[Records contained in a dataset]
****************************************

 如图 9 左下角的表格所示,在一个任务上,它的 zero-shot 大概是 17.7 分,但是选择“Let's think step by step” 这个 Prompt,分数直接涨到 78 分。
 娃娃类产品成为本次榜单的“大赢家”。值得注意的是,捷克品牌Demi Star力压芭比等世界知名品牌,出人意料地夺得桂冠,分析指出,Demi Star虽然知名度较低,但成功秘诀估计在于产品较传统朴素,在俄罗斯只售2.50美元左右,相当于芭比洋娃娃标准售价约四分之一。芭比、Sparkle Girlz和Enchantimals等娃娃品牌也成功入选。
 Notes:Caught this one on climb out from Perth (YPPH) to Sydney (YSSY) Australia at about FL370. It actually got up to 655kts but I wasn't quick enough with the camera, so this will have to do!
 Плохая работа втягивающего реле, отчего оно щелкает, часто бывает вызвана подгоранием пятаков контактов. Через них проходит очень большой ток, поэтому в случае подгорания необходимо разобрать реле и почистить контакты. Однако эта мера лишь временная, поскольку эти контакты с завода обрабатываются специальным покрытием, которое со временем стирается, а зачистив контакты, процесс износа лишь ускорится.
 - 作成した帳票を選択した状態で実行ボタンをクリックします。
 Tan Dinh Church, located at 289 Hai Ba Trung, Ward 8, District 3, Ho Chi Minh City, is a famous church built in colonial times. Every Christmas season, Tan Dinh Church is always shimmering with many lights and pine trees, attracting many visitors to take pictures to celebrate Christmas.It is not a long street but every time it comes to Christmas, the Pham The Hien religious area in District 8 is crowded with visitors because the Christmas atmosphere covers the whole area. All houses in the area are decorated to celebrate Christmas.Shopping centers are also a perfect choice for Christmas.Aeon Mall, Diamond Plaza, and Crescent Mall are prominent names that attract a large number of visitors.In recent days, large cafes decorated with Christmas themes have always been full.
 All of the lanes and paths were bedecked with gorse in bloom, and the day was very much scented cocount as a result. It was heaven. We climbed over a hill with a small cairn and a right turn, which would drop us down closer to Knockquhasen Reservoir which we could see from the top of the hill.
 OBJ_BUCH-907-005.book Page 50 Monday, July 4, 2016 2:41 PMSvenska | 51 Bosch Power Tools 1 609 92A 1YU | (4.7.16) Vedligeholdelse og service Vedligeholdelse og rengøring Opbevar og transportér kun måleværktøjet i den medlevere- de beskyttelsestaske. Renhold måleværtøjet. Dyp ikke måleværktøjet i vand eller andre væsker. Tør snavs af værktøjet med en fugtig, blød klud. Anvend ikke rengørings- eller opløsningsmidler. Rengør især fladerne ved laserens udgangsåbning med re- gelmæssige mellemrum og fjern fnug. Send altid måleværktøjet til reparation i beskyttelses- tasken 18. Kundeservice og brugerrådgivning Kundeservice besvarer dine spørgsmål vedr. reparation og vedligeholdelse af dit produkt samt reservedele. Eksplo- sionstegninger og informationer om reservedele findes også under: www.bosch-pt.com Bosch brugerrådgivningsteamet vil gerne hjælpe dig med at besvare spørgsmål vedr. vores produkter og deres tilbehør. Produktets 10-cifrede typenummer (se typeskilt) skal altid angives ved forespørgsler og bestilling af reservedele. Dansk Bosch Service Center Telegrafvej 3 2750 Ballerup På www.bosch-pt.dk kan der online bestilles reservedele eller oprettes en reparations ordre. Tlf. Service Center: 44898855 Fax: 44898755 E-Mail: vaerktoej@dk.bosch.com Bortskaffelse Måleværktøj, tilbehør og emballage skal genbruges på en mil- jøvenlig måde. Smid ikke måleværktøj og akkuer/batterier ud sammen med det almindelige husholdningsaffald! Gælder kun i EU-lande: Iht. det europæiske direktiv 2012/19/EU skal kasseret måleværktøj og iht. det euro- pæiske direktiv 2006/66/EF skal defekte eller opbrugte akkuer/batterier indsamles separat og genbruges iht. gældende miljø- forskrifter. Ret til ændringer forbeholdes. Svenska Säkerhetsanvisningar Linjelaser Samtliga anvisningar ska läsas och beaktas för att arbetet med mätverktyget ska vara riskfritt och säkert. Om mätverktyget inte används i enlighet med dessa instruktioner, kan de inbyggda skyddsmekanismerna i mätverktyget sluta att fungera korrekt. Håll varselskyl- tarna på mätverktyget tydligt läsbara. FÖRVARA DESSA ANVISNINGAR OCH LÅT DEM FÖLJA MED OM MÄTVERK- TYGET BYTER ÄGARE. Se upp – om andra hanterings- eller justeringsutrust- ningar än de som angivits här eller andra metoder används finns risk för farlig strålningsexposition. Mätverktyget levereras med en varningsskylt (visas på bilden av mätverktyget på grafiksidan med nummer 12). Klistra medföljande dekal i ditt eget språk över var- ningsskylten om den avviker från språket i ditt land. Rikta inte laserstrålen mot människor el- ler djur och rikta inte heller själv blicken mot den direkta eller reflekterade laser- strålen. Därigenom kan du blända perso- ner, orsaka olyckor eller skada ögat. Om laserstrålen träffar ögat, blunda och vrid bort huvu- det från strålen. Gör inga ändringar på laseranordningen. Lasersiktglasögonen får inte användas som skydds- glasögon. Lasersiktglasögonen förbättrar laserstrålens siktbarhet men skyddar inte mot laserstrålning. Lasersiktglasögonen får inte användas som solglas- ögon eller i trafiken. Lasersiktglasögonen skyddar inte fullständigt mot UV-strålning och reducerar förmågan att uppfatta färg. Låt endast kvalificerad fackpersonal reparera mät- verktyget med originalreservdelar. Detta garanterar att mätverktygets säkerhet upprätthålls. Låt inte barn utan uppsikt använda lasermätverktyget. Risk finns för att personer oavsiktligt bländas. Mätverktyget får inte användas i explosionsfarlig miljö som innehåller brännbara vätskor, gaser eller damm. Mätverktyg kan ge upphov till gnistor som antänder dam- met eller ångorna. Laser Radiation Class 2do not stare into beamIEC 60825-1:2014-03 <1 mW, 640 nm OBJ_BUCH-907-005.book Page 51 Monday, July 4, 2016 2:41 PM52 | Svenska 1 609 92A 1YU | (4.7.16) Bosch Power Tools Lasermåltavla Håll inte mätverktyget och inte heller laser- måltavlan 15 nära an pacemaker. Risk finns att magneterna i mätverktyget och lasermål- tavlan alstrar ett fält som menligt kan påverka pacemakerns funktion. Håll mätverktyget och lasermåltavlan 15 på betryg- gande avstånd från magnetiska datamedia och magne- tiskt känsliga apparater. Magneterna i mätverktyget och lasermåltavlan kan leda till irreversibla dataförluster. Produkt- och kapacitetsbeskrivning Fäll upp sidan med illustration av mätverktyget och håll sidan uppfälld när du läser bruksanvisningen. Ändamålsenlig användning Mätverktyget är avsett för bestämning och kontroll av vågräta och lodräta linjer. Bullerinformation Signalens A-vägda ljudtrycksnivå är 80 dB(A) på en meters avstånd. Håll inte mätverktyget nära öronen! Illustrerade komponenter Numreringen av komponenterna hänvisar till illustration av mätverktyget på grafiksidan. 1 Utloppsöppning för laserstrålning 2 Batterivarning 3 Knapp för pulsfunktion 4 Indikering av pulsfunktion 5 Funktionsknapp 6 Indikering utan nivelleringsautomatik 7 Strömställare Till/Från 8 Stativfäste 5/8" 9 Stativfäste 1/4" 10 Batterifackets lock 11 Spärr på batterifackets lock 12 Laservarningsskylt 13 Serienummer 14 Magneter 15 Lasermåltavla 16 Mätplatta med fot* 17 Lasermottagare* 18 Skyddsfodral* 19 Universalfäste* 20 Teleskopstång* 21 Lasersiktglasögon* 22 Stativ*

****************************************

WHAT THE EXERCISE ASKS:
Wherever the word "with" appears in the data, return the whole line.

PROBLEM SOLUTION:
 Notes:Caught this one on climb out from Perth (YPPH) to Sydney (YSSY) Australia at about FL370. It actually got up to 655kts but I wasn't quick enough with the camera, so this will have to do!
 Tan Dinh Church, located at 289 Hai Ba Trung, Ward 8, District 3, Ho Chi Minh City, is a famous church built in colonial times. Every Christmas season, Tan Dinh Church is always shimmering with many lights and pine trees, attracting many visitors to take pictures to celebrate Christmas.It is not a long street but every time it comes to Christmas, the Pham The Hien religious area in District 8 is crowded with visitors because the Christmas atmosphere covers the whole area. All houses in the area are decorated to celebrate Christmas.Shopping centers are also a perfect choice for Christmas.Aeon Mall, Diamond Plaza, and Crescent Mall are prominent names that attract a large number of visitors.In recent days, large cafes decorated with Christmas themes have always been full.
 All of the lanes and paths were bedecked with gorse in bloom, and the day was very much scented cocount as a result. It was heaven. We climbed over a hill with a small cairn and a right turn, which would drop us down closer to Knockquhasen Reservoir which we could see from the top of the hill.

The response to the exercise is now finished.